Thursday, 23 Apr, 2009 Science

Scientists Rebuild Biggest Ancient Egyptian Temple Complex


It took 2 years for a team composed of UCLA Egyptologists, digital modelers, web designers, staff and students to create a 3D virtual-reality reproduction of the ancient Egyptian religious site called Karnak, which is considered to be one of the biggest temple complexes ever erected.

The team of experts managed to develop a high-tech model that makes it possible for users to navigate through the Digital Karnak that runs in real time. It is worth mentioning that the famous Egyptian tourist site is located near today's Luxor, a place where for many generation the Egyptian pharaohs built sacred structures, including temples, chapels, obelisks, sphinxes and shrines starting with the 20th century B.C.

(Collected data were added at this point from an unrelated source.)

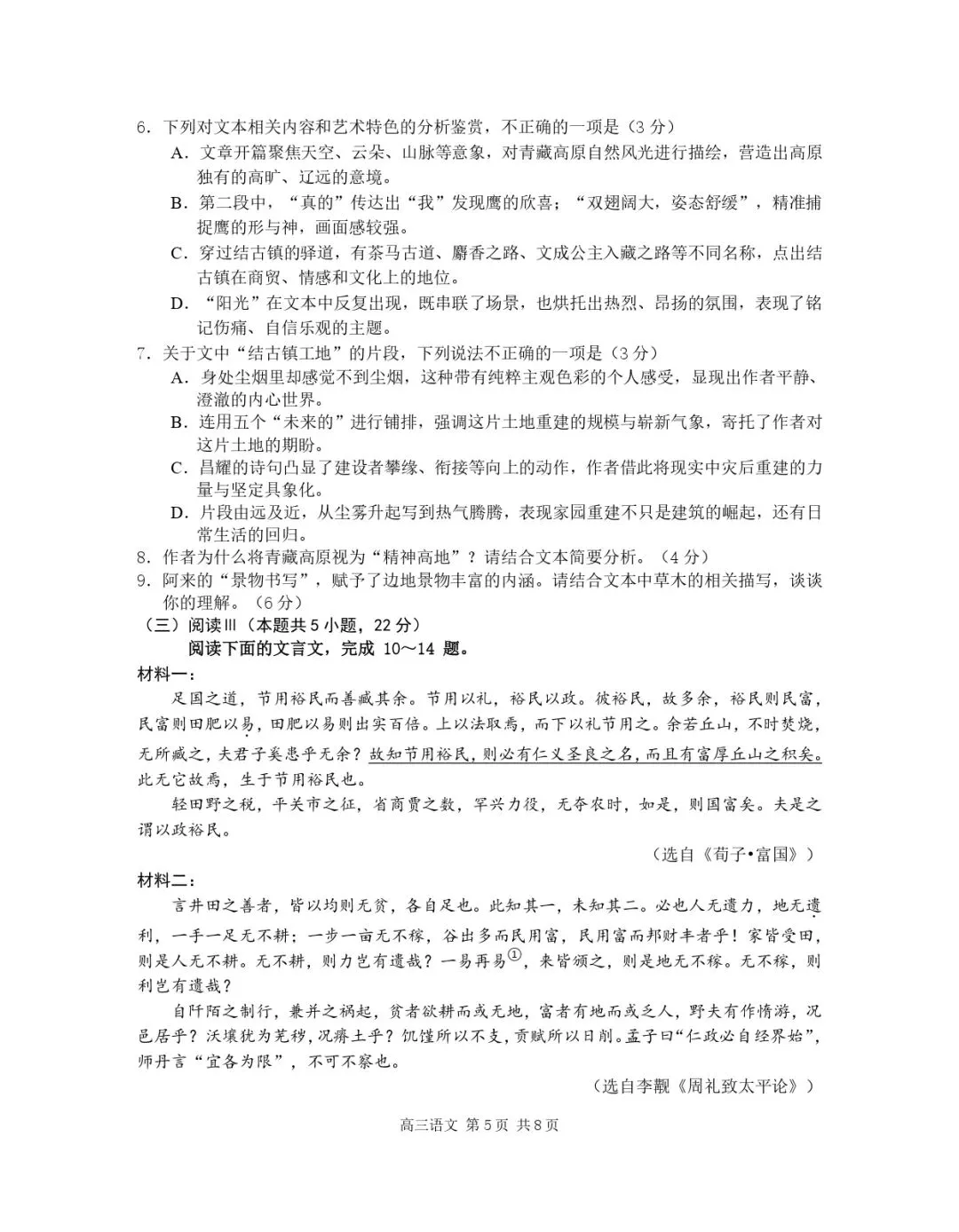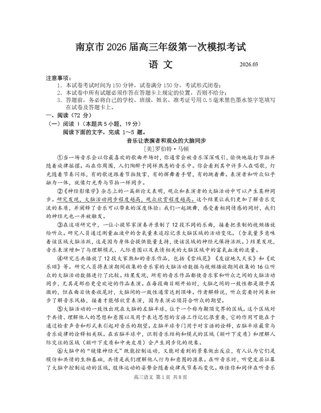 试卷分享|2026年南京盐城一模语文试卷(原卷)
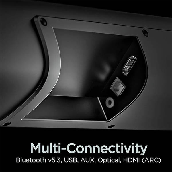 - Connectivity– All your devices are made accessible by the wireless, wired and other forms of connectivity, viz. Bluetooth V5.3, AUX, USB, Optical and HDMI(ARC) with the versatile Aavante Bar Mystiq.
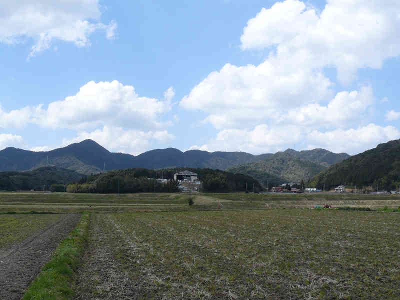 2012年3月25日 民家横のイノシシゲート →0:15→ 巡視路入口鉄製の橋 →0:10→ bQ8鉄塔 →0:35→ 地積図根三角点 →0:08→ 笠ヶ岳山頂 →0:06→ 笠ヶ岳三角点 →0:08→ 笠ヶ岳山頂 →0:38→ 勝陣山南峰 →0:12→ 346mピーク →0:35→ 林道出合 →0:13→ イノシシゲート 全歩行時間 3時間 0分 山口県下関市の山へ、今回は菊川町日新地区を登山口として笠ヶ岳へ登り、その後北東にそびえる勝陣山の山頂を踏み、登山口へ周回するコースを採る。 登山の起点を菊川町の「道の駅 きくがわ」とすれば、道の駅から国道491号を西へ進む。正面には六万坊山がそびえ、左の山と重なった姿は、お釈迦様の寝姿に見える。
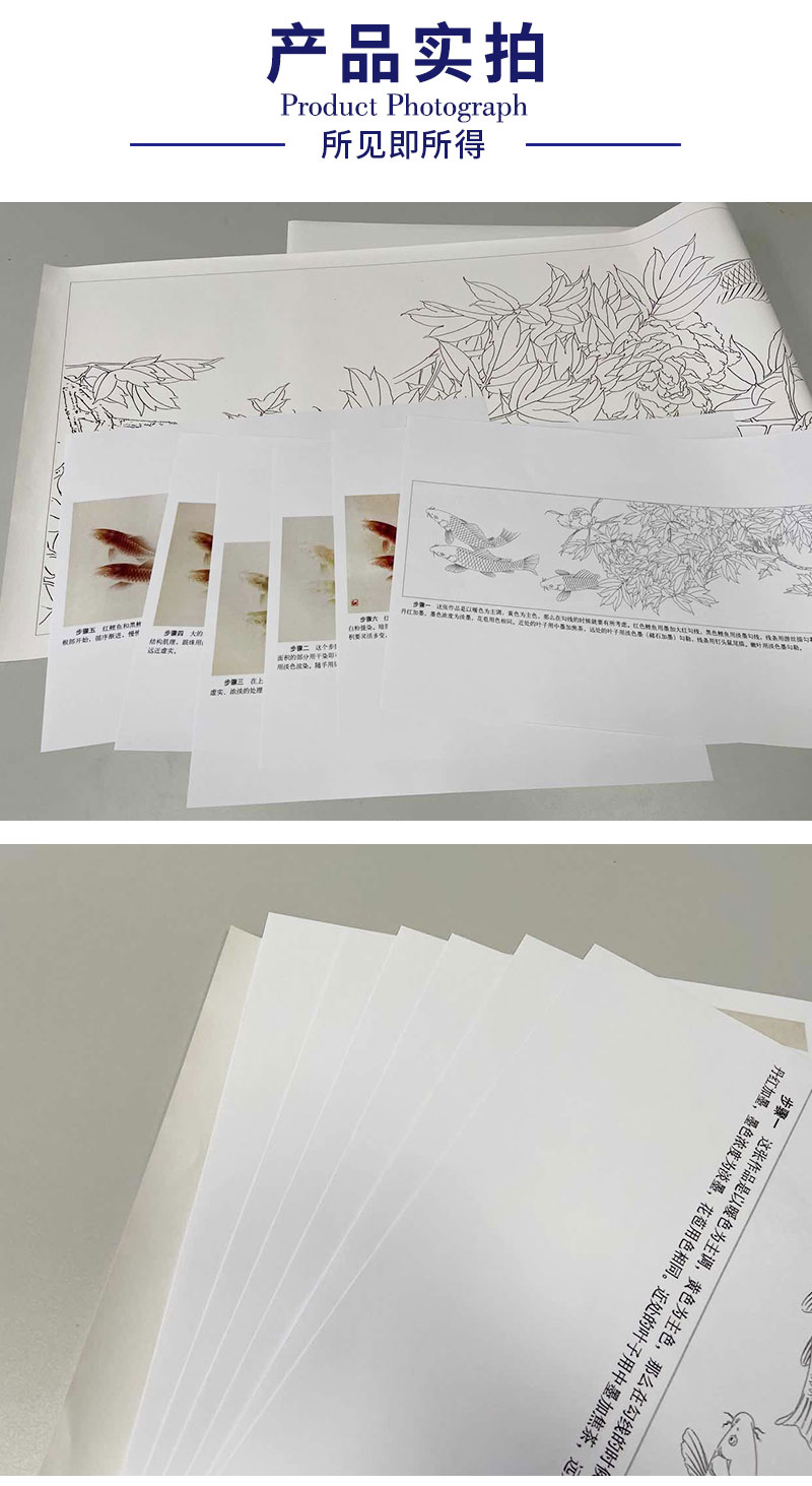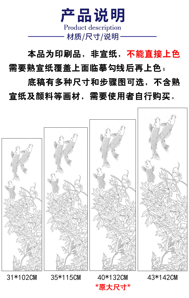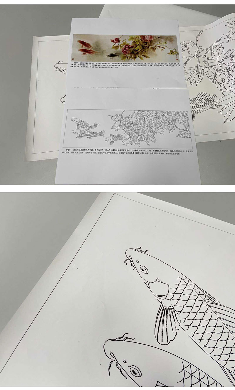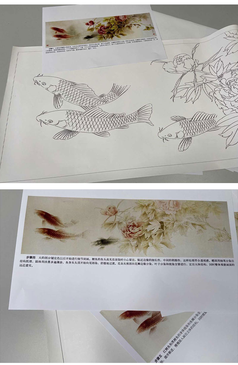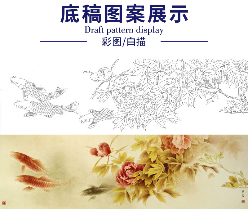 【有步骤、大彩图】龚雪青横幅工笔画白描底稿《富贵多来图》牡丹鲤鱼图初学者临摹花鸟线稿XQ95
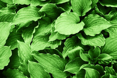 Minimalistic background with hosta leaves close - up view from above. The hosta leaves are a close-up of a bright green color. Beautiful large decorative leaves of an ever-green garden plant.
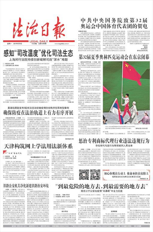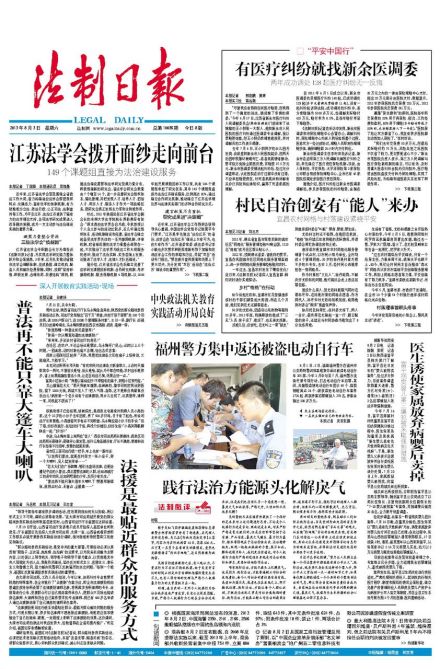 民主法制领域党和国家最重要的主流媒体,中国最大的法律资讯提供商,中国最具影响力的法律专业传媒集团。设有要闻版、立法政法版、司法版、政府法治版、经济版、视点版、国际版、公司法务专刊、法律人专刊、中国律师专刊。
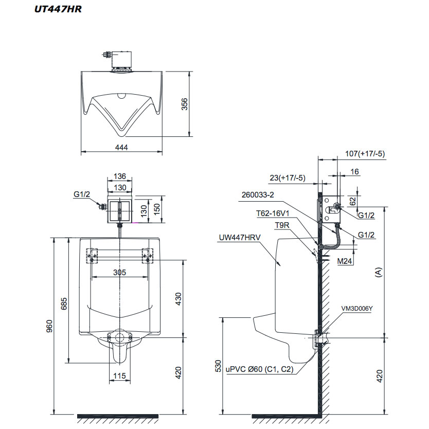 Thông tin của sản phẩm bồn tiểu TOTO UT447HR
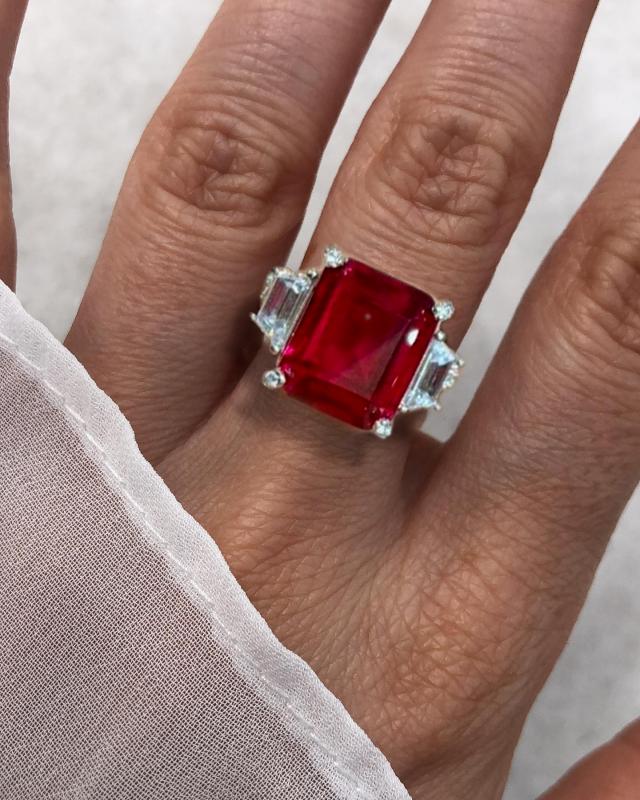 【Design】Behold Italo Jewelry's Ruby Emerald Cut Unique Three Stone Engagement Ring, a masterpiece crafted in 925 Sterling Silver, weighing a solid 5.80g. The dazzling 6.00 CT. ruby red sapphire, set in prong, is flanked by pristine white trapezoid and round-cut side stones, symbolizing the past, present, and future of a love story. This ring isn't just a piece of jewelry; it's a heartfelt promise of a love that grows and shines brighter with time. Secure this emblem of eternal love today.
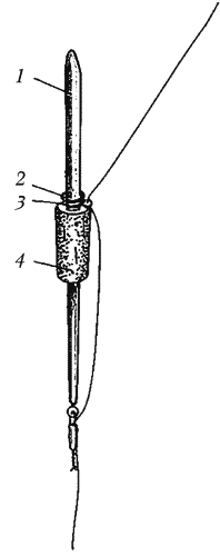 Рис. 46. Самодельный поплавок для дальнего заброса из гусиного пера и пробки: 1 — ствол гусиного пера; 2 — резиновое колечко; 3 — «восьмерка» из жести; 4 — пробка

Specialists from UCLA's Experiential Technologies Center were the ones to help initiate the digital restoration of historical sites. Now students, teachers and educators are free to explore the Digital Karnak at . In addition to the 3D model of the Karnak, the website's visitors can also explore a Google Earth version of the temple and several pages describing the chronology and creation of individual structures at Karnak.

"This learning platform allows educators and researchers to geo-temporally situate information and thus visualize and interrogate the evolution of Karnak over 2,000 years," said Diane Favro, who is currently the director of the project and who is also a professor in the architecture and urban design department at the UCLA School of the Arts and Architecture.